(Editors’ note: The Midland Courier is reprinting the columns of the late Atty. Benedicto T. Carantes as a tribute to one of its long-time columnists. This piece was published on Jan. 15, 2006.)
One more year gone, another year to go through.
How much of the past, as well as relatives and friends, did we get to bury last year?
And how many more this year, if we don’t get buried first?
We used to live from year to year, now it’s from day to day.
Forty was considered old when I was 20, and 50 was really old. Sixty and over, and you wonder why these ancients were still roaming the face of the earth and not six feet beneath it.
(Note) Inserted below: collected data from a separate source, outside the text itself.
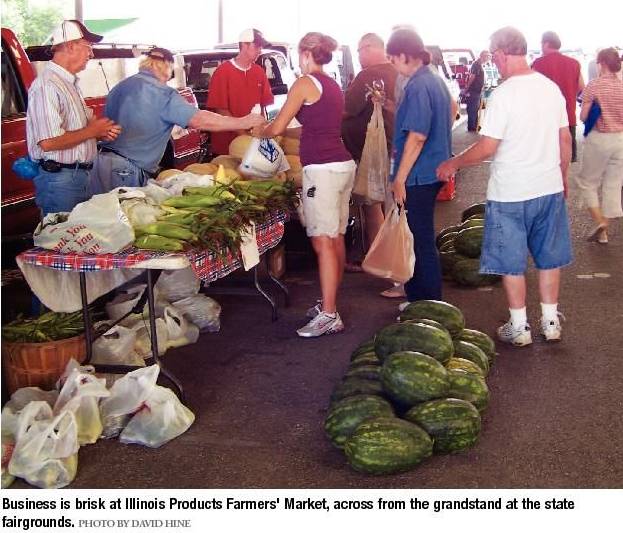 Hopefully, there are more to come. One of the biggest contributors to the Illinois Products market’s ambience is wine. Folks stroll around with (real) wineglasses filled with wines ranging from light whites to earthy reds. The stand is operated by the Illinois Grape Growers and Vintners Association. Last year, says the IGGVA’s Megan Presnell, the stand offered a variety of wines each week from several wineries. This year, wines from a single, different winery are sold each week, giving customers a chance to meet the winemakers and learn firsthand about them and the fruits of their labor. “They’re selling lots of wine,” says market manager Kristi Jones. “Some travel two or three hours for this, and they’re all just so happy to come.” “This market’s really starting to mature,” says Dale Merwyn, who also has stands at the Wednesday and Saturday downtown markets as well as three in the St. Louis area. “Look at this pile of empty boxes!” Having multiple markets to sell his produce clearly makes him happy — and weary. The Illinois Products Farmers’ Market takes place on Thursdays from 4-7 p.m. until Oct. 22, excepting Aug. 13 and 20. Parking is plentiful and most stands are set up under a pavilion. Contact Julianne Glatz at [email protected]. See also
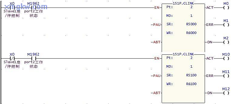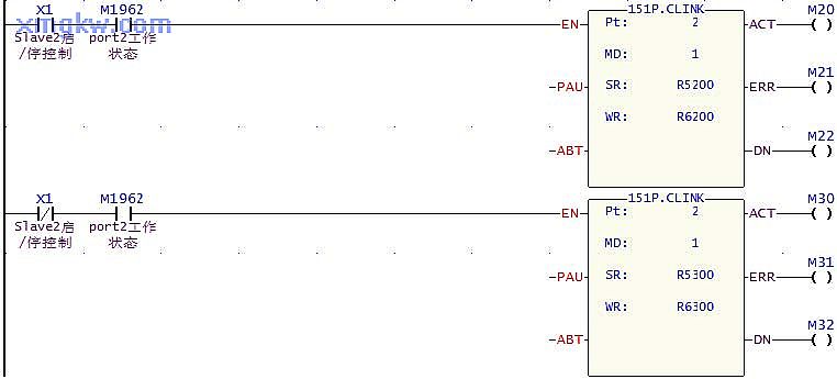 1. X0,X1兩個(gè)開關(guān)的 ON/OFF狀態(tài)分別對(duì)應(yīng)兩臺(tái) slave PLC的run/stop,因此在程序中用這四個(gè)狀態(tài)啟動(dòng) 4個(gè) CLINK指令,發(fā)送通訊命令,即可達(dá)到控制要求。
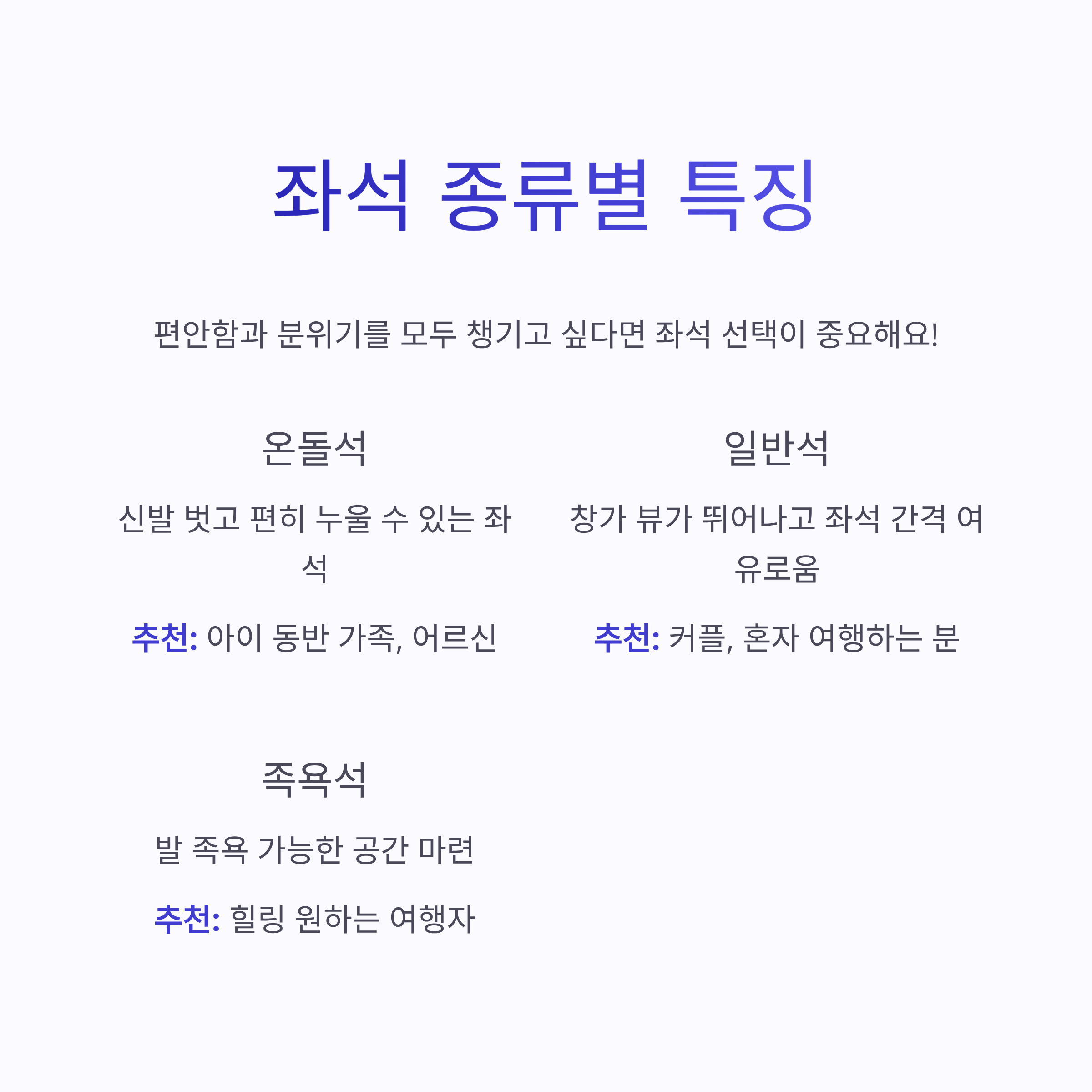 | 일반석 | 창가 뷰가 뛰어나고 좌석 간격 여유로움 | 커플, 혼자 여행하는 분 |
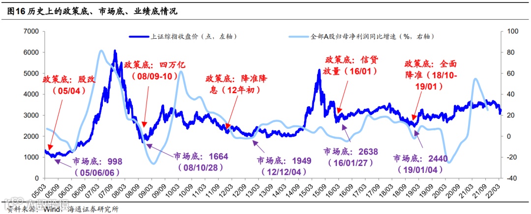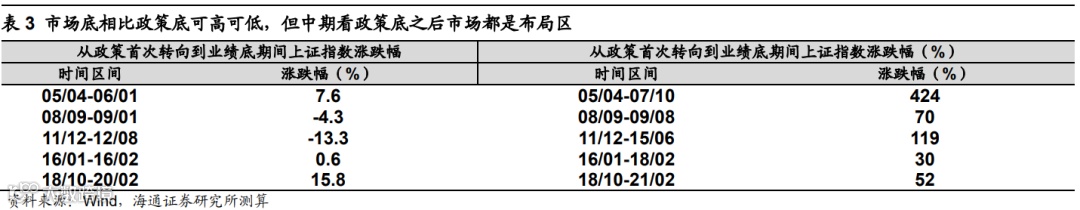 市场处在底部区域,是布局的时期。近期市场较弱,相较于3月16日的低点,万得全A和创业板指已经创下新低,沪深300接近前期低点,投资者开始担忧市场进一步下跌。我们在《历史复盘看政策底、市场底、业绩底-20220406》中指出,政策底到业绩底是复杂筑底过程,市场底并不一定高于或者低于政策底,但是着眼长期,如果从历史上政策底出现的时间开始布局,最终都会取得较好的收益,详见表3中我们的测算。这一次的政策底其实是去年12月,标志是中央经济工作会议定调全面稳增长,之后3月16日金稳会召开专题会议,强调“积极出台对市场有利的政策”,然后3月29日国常会明确指出,面对经济下行压力进一步加大要“坚定信心,咬定目标不放松,把稳增长放在更加突出的位置”。4月以来,政策仍在不断加码,货币政策上4月15日央行宣布全面降准25BP,4月18日央行与外管局提出加强金融服务、加大支持实体经济力度的23条政策举措,4月22日央行召开党委会,强调将“进一步加大对实体经济的支持力度,维护市场稳定,维护经济稳定”;财政政策方面,4月11日李克强总理在地方政府主要负责人座谈会上明确要求,专项债上半年要大头落地,形成更多实物工作量;地产政策上,宽松信号正密集出现,4月以来已经有衢州、苏州、南京、上海、淮北、南平等17个以上的城市松绑了购房政策,涉及限购、限贷、限售、公积金、房贷利率、购房补贴等内容;2022年以来,已有超过70个城市松绑了限购、限售等楼市政策,以满足合理住房需求。

Today, I roam the face of the earth, but not feeling old at all.
Former playmates and schoolmates say I do not look my age, but the fact is, I am my age. If I were a Chinese vase, I would be an antique, albeit worthless, not priceless.
In my younger years, I had a hard time getting up from bed. I still suffer from the same crisis – getting it up.
If you are the kind that watches the sunset and thinking in terms of the past and wishing life should have been otherwise, that means life, insofar as you think, has not been good to you.
The wonderful thing about youth is that dreams can still come true, but if only they do something about it, and not watch time pass them by.
College is a prelude to that dream. You skip college and the dream can vanish into thin air, unless you get exceptionally lucky, like fate smiling down on you.
But there will always be something missing in your life, that which can not be retrieved by power or wealth, or whatever success.
Remember that the Almighty – no matter what they say that we are all born equal before His eyes – like any father, plays favorites. So, be sure to remind Him that you are one of His children through constant prayer, lest He forgets.
I do not know how old my father was when he died. Some say he was 63, others say he was older, maybe 67.
Well, I am a year older than 63, pretty much nearing 67.
But two things I would like to see before I go – and hopefully a decade later than my dearly departed old man – my two boys leading fruitful and stable lives so they can take care of their mother in her old age, and provide food, shelter, clothing, and a good education to my grandchildren, and God willing, still be around to spoil them.
Please, try not to read between the lines – swan songs are not my kind of music, nor blaring trumpets from the skies.
Hell, like I always say, it will be a cold day in hell if we don’t see each other there, but hey, maybe St. Peter will let us sneak in through the back door of paradise, with the Blessed Mother clamping a hand over the eyes of the Creator while we do so.
Fact is however, there is not any hell, it’s just a church invention to scare sinners like you and I – unless it’s here.
Hopefully, I will still be writing this column 10 years hence – and for sure, still going to the cockfights, albeit betting peanuts and nothing more.
Today is my dad’s birthday, and I remember him with love and fondness in my heart.
Happy birthday, Pop.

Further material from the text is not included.